Data extracted from a collection
###

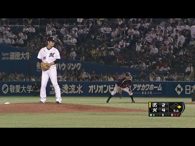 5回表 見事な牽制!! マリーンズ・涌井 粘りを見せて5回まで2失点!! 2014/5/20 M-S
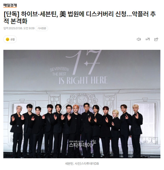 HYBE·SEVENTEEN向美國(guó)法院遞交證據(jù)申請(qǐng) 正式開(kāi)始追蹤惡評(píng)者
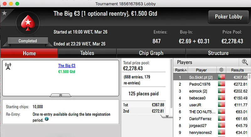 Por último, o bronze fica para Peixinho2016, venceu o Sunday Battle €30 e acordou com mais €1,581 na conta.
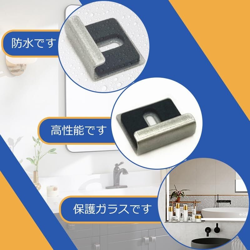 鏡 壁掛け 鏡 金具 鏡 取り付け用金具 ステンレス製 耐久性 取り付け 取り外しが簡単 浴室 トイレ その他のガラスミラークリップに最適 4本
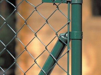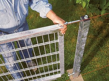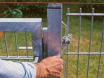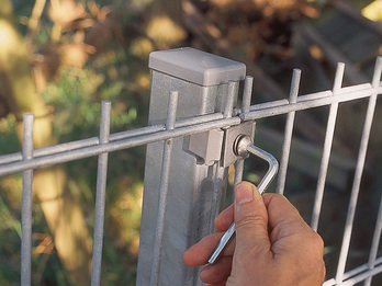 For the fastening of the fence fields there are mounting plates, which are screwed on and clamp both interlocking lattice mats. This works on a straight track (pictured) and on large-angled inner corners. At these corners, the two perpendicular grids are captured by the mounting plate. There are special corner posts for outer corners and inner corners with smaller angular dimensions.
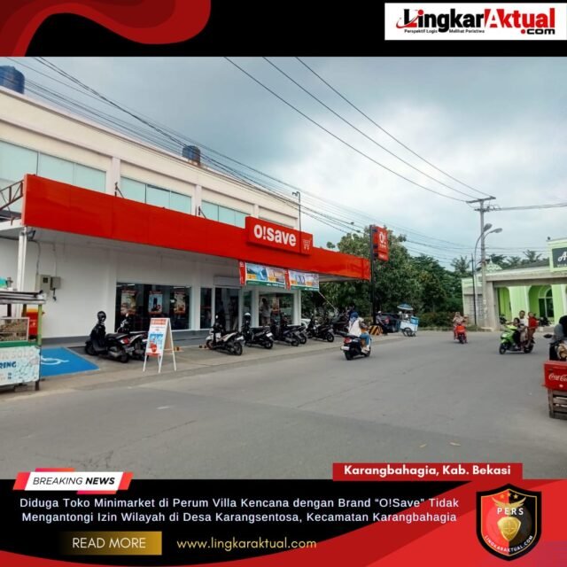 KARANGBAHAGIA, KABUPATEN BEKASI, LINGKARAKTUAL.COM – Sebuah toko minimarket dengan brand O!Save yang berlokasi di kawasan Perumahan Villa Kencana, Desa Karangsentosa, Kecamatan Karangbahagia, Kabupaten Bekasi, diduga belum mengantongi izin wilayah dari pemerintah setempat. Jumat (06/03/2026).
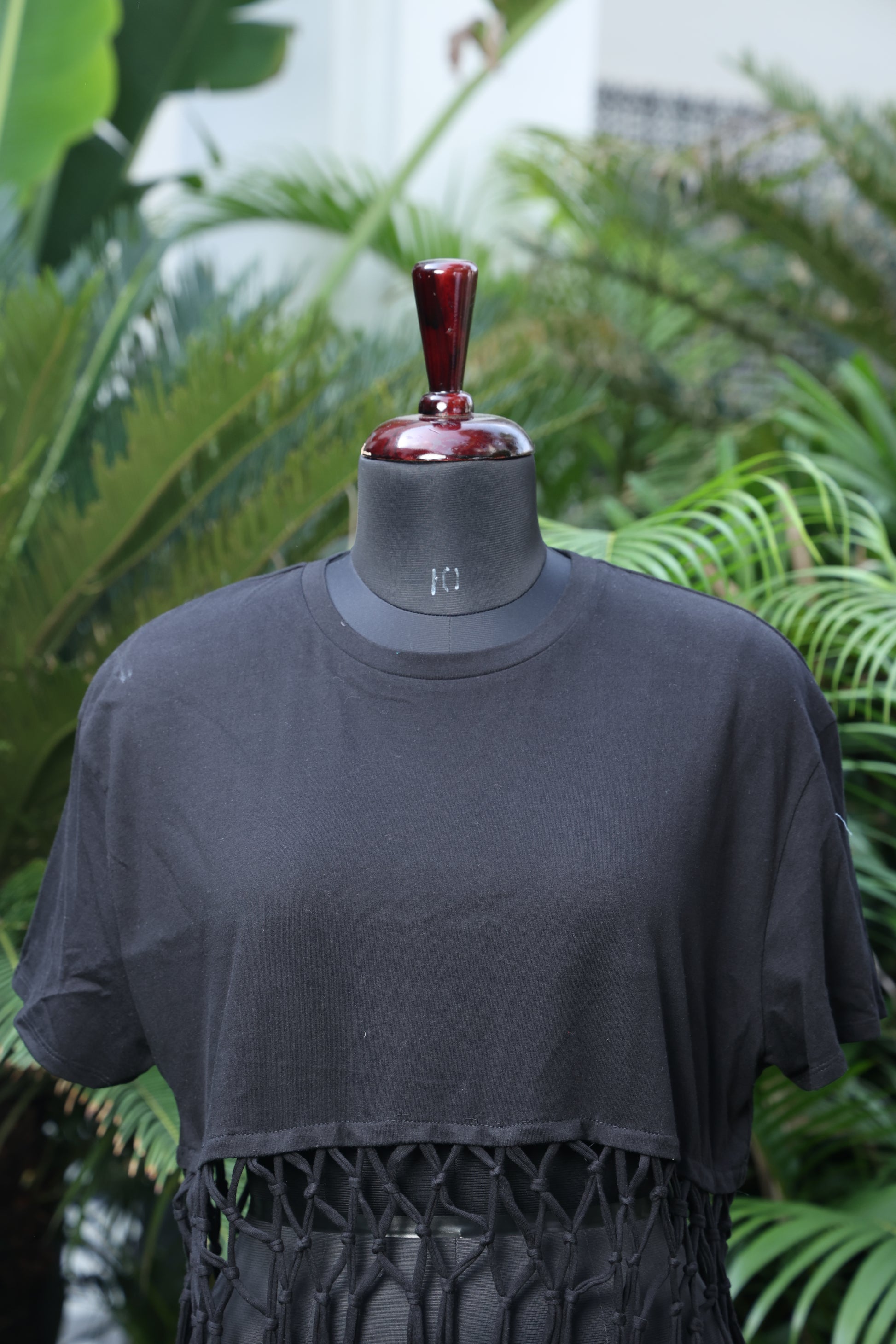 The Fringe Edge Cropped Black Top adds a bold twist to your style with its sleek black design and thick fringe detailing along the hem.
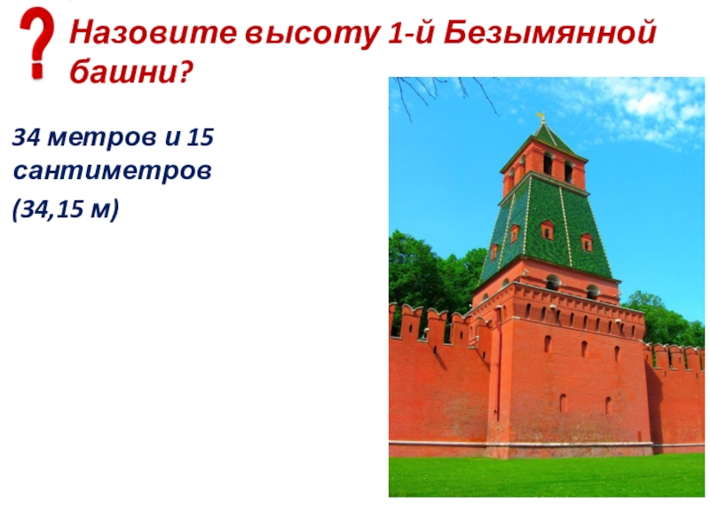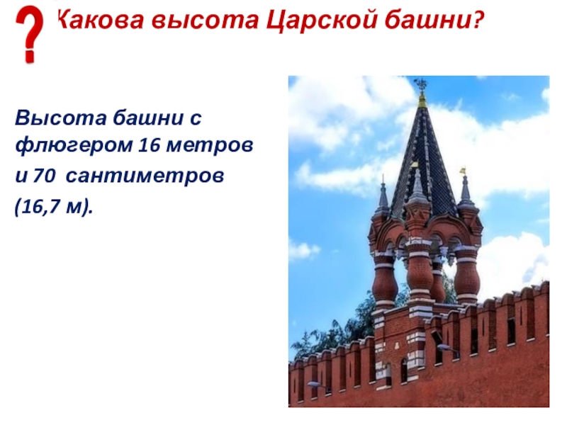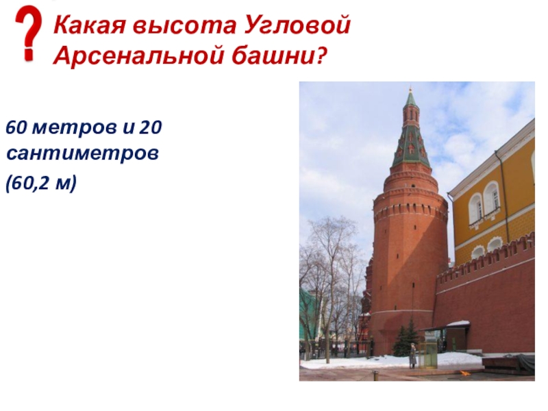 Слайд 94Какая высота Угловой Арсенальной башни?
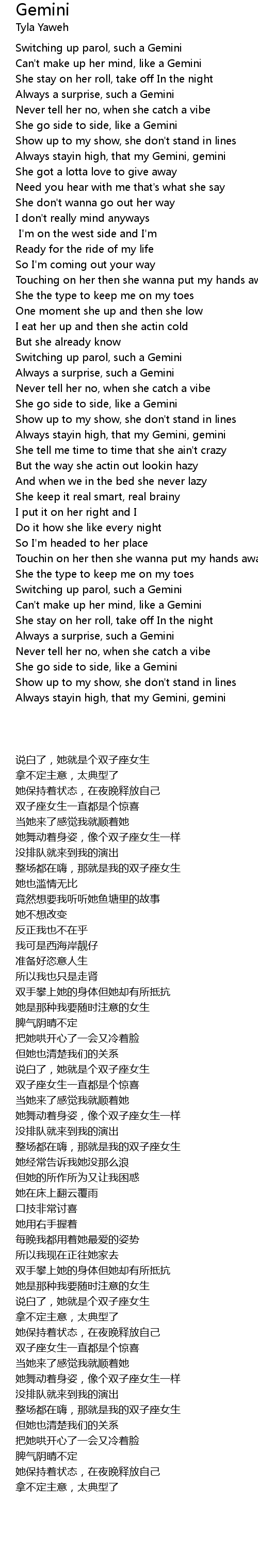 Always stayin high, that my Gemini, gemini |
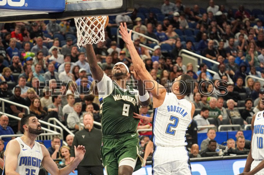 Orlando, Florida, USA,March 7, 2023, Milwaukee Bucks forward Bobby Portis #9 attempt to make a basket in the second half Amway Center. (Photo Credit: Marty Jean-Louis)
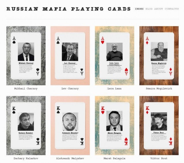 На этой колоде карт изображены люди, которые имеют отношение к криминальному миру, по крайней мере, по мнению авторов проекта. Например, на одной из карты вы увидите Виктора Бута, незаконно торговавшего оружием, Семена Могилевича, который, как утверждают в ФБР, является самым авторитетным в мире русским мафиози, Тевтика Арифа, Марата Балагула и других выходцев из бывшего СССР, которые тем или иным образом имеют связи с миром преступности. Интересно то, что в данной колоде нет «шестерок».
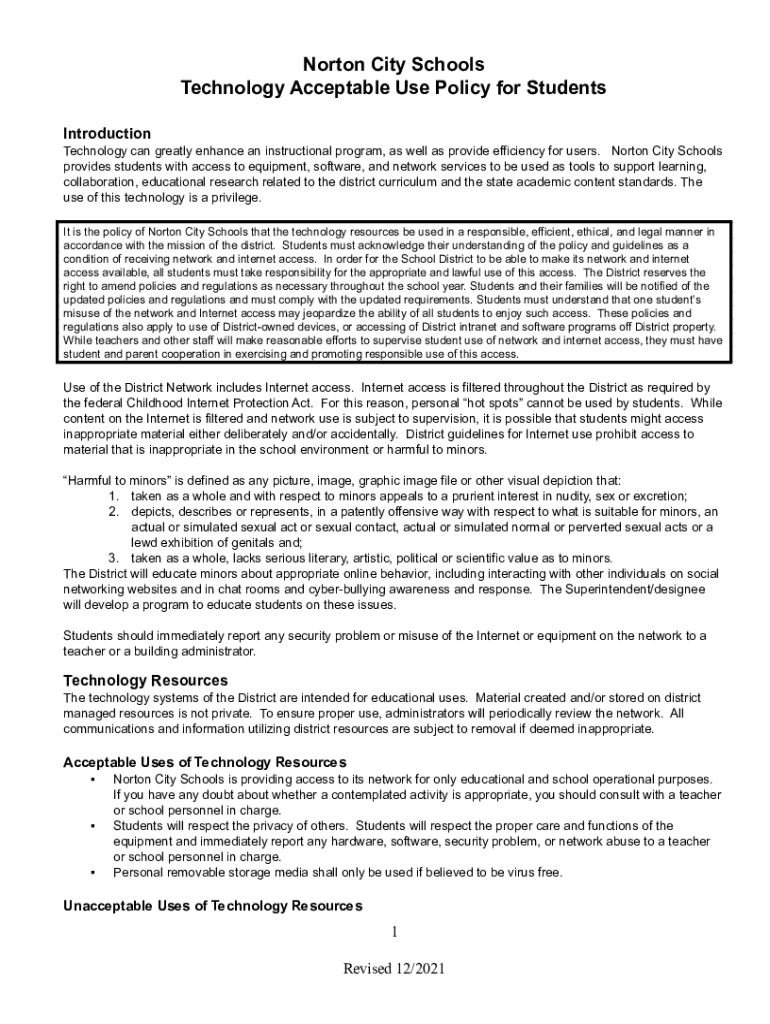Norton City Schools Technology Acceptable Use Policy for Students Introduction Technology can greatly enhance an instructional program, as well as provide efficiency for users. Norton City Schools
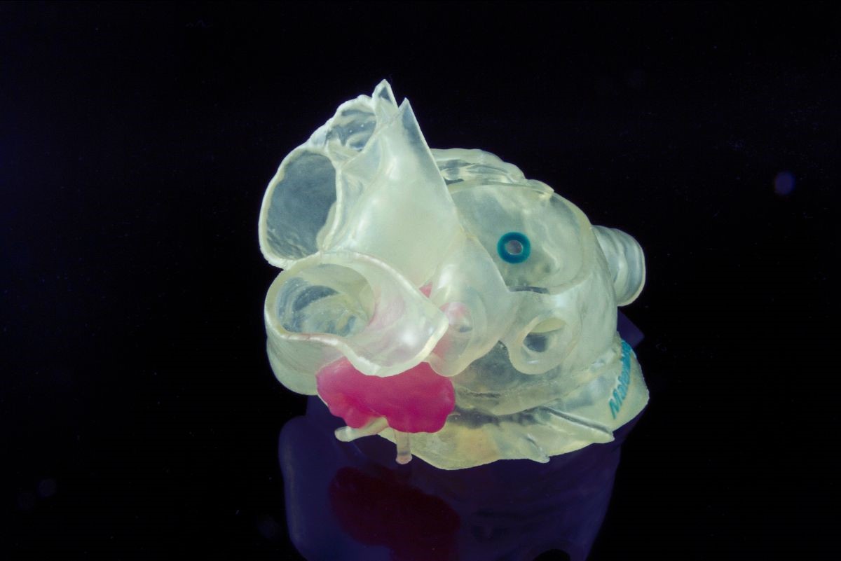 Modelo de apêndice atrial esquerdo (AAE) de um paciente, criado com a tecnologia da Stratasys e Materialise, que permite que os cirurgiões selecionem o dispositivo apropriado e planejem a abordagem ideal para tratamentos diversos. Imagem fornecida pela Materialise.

###

Problem description -
Could you transcribe exactly the entries above, but only the lines from the one with "Always stayin high, that my Gemini, gemini |" through the one with "Orlando, Florida, USA,March", and without pictures?

Reply to the task -
 Always stayin high, that my Gemini, gemini |
 Orlando, Florida, USA,March 7, 2023, Milwaukee Bucks forward Bobby Portis #9 attempt to make a basket in the second half Amway Center. (Photo Credit: Marty Jean-Louis)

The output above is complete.